Тот обернулся и, увидев наведённый на него пистолет, зажмурил глаза и растерянно открыл рот. Его спутница пронзительно взвизгнула. Генеральская внучка стреляла очень хорошо и с пяти метров промахнуться не могла, но, глядя в испуганное лицо мужа, она поняла, что не сможет убить человека, с которым прожила несколько счастливых лет. Женщина повернула пистолет чуть в сторону и трижды нажала на курок. А потом ткнула ствол себе под левую грудь и выстрелила ещё раз. Последнее что она запомнила – это подхваченная порывом ветра широкополая соломенная шляпа, стремительно улетающая в ярко-синее июньское небо.
Этот сон-воспоминание преследовал Марину Лаптеву уже двадцать с лишним лет, и она всегда видела себя как бы со стороны, уже оказавшись где-то в заоблачной небесной выси. В такие дни на Марину накатывало рвущее душу раскаяние в бессмысленном поступке, сломавшем её жизнь и лишившем всех близких и любимых людей. Ей хотелось уснуть и больше никогда не просыпаться. Но смерть почему-то не шла, а на последний «золотой» укол не хватало решимости.
Вот и сегодня к привычной утренней ломке добавилось застарелое моральное похмелье. Сев на кровати Марина откинула со лба слипшиеся волосы и несколько раз ударила кулаком в тонкую фанерную стену.
– Танюха!
– Что? – отозвался из-за перегородки заспанно-хриплый голос.
– Ты одна?
– Одна.
– У нас что-нибудь есть?
– Откуда?
– Тогда надо сходить…
– А шевелюшки?
– На сегодня ещё хватит. Мне вчера Гена спонсорскую помощь подвёз…

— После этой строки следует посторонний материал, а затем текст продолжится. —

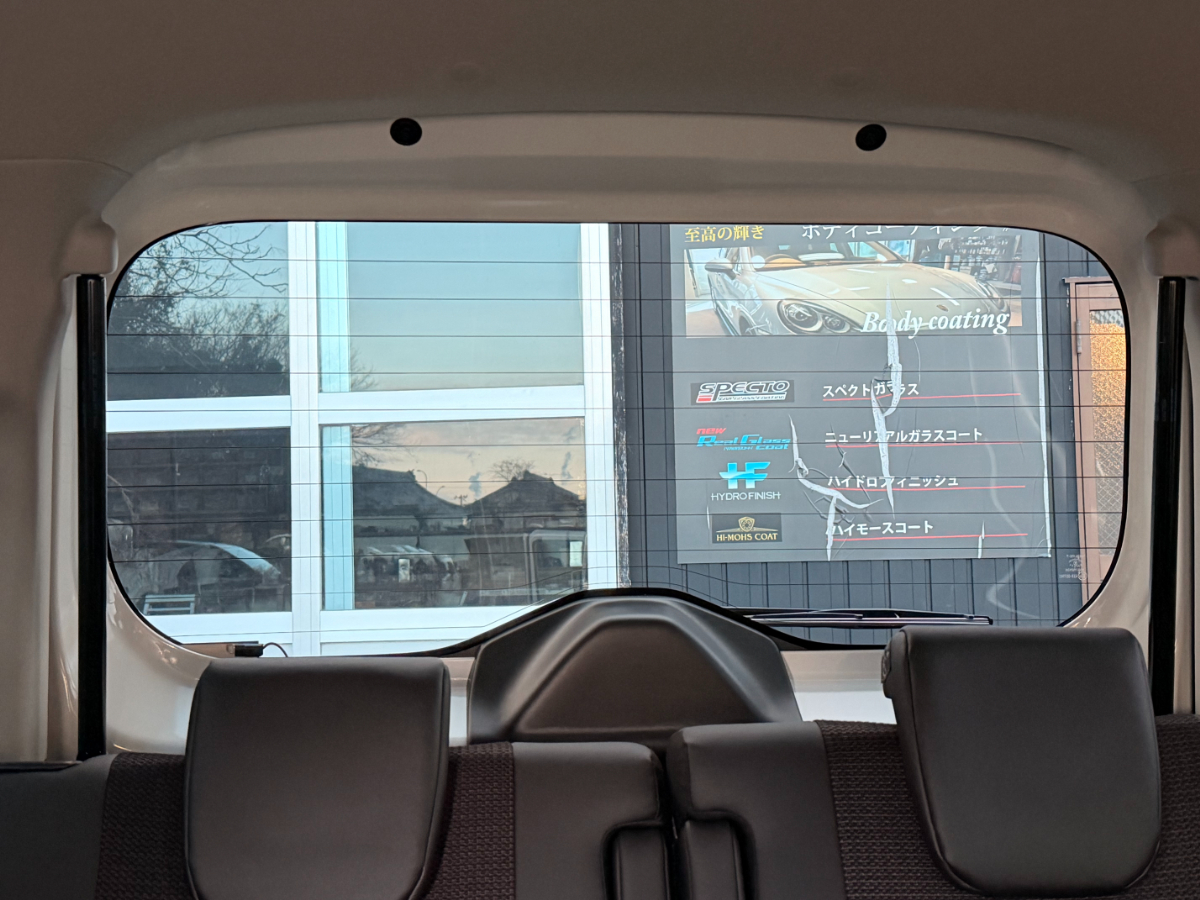 リアガラスは薄めの濃さである透過率23%のプレミアムカーフィルムを施工しました。薄い色のフィルムでなおかつフロントガラスが透明なので割と車内が見えています。

– Сейчас. Только печку растоплю, пока мы тут от холода не околели…
За ночь квартира в заброшенном бараке с печным отоплением выстуживалась так, что температура в ней не сильно отличалась от температуры на улице, и Марина уже давно привыкла спать в одежде и под двумя одеялами. На кухне, где находилась печка, послышались стук поленьев, чирканье спичек и тихий мат, а ещё через несколько минут в комнату Лаптевой вошла невероятно бледная женщина, одетая во всё чёрное. Марина достала из-под подушки и протянула ей смятую пятитысячную купюру.
– На. И купи что-нибудь пожрать…
При виде денег выцветшие глаза Танюхи плотоядно засверкали.
– Всё, лечу стремительным домкратом!
Когда в прихожей захлопнулась дверь, Марина сделала несколько глотков из стоявшей рядом с кроватью пластиковой бутылки с пивом и тяжело откинулась на подушку в надежде поймать какое-нибудь лёгкое сновидение. Но едва она стала проваливаться в зыбкую дрёму, как входная дверь скрипнула, и в коридоре послышались запинающиеся неуверенные шаги, будто бы слепого человека. Шаги замерли около её комнаты, и Лаптева, сонно пробормотав: «Кого там ещё чёрт принёс?», с трудом разлепила заспанные глаза.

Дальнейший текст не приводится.